There are a few key features I'd like to highlight on the Leatt 3DF Airfit Body Protector:
1. It offers a premier level of protection AND comfort over anything else on the market. You don't see CE-2 back and chest armor with CE elbows and shoulders in anything nearly this comfortable. Alleluia!
2. It's quite light, conforms to your body's unique shape and appears to ventilate amazingly well (initial impression- more testing required). Even the armor itself has ventilation holes for air to pass through while still achieving an elite level of impact absorption. The garment binds itself to the shape of your body, holding armor in place while utilizing material that wicks moisture away from your skin to cool you as you sweat.
3. The sizing is relatively scalable. The suit is sized for an athletic build, but the nature of the material allows it to fit a body that isn't built like a pro athlete.
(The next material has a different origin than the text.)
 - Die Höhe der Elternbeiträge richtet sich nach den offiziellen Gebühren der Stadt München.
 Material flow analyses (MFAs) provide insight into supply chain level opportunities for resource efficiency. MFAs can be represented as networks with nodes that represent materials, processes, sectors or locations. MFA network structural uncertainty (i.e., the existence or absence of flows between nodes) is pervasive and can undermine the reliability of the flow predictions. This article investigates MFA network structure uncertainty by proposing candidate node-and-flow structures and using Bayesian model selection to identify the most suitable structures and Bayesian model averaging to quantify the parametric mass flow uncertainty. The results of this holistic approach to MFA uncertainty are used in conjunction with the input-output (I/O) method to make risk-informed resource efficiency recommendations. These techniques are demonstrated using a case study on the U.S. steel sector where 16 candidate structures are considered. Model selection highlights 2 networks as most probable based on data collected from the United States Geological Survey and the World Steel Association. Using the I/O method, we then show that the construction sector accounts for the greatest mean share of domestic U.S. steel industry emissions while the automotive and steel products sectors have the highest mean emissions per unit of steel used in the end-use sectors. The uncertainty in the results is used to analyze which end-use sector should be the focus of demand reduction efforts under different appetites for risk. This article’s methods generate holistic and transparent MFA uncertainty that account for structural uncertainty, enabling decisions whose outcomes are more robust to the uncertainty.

Another noteworthy aspect of the sizing is that each set of armor is sized specifically to each size range, meaning different sized armor is used for each size S/M to size L/XL to size XXL.
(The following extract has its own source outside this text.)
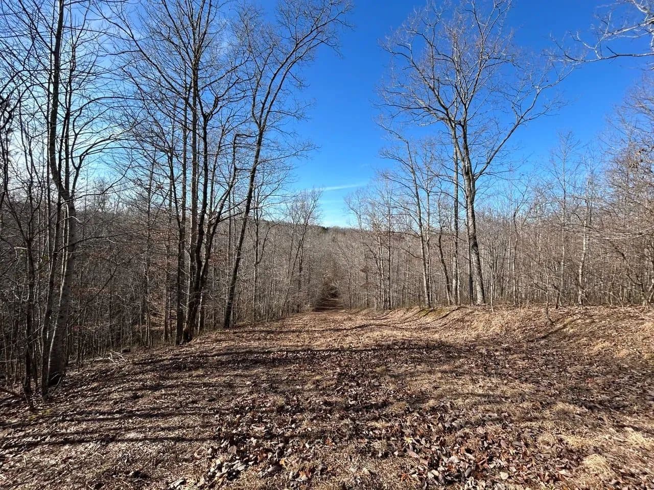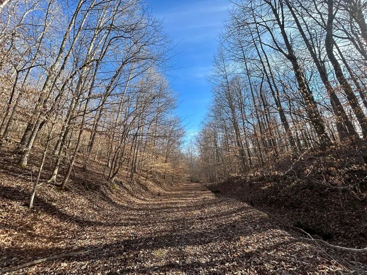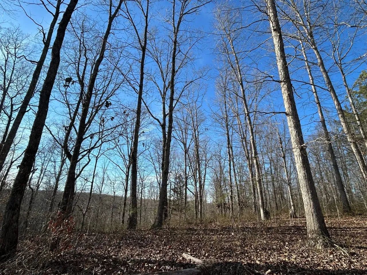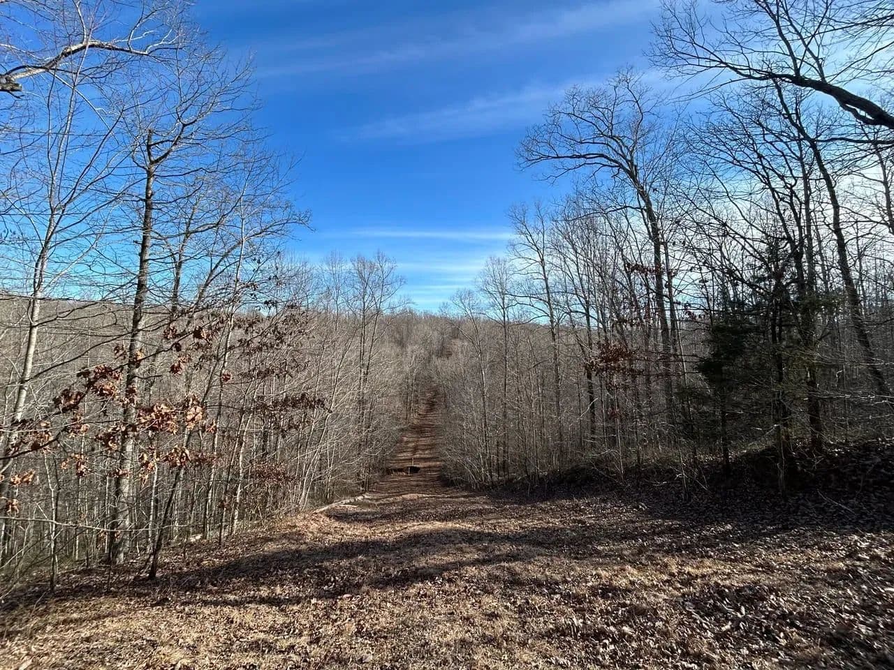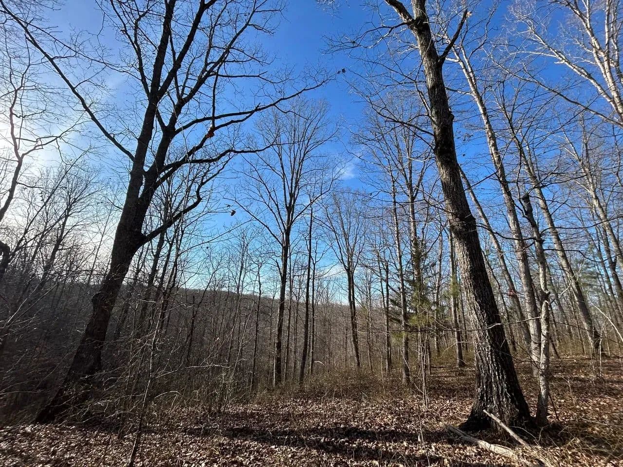 Recreationally, the property shines just as brightly. The area is known for its strong deer and turkey populations, with excellent habitat that consistently supports mature bucks. A tributary of Sulphur Creek creates the western boundary of the land, running year-round and even holding small fish. Expansive flat ridgetops across the tract make it easy to develop food plots, green fields, or future building sites.

After trying the body protector on a few times and getting a feature breakdown from Leatt, here's my feedback so far... The fit is excellent. As soon as I zipped it up I felt like I was ready to ride. I'm 5'8" 172lbs and the Small/Medium fits me perfectly. Do the arms stay in place? Yes. The shoulders are well contoured and the elbow coverage is larger than I expected without shifting around. The Moisture Cool stretch fabric holding everything in place is ideal for a pressure suit concept. It's basically a built-in moisture-wicking base layer! I like the way the fabric is cut around the inside of the elbow. You can flex, twist, bend and shake without creating any binding or shifting of the armor. The rib protection was perfectly comfortable around my not-quite-six-pack abs and the fabric extended down far enough to tuck into my pants and stay neat.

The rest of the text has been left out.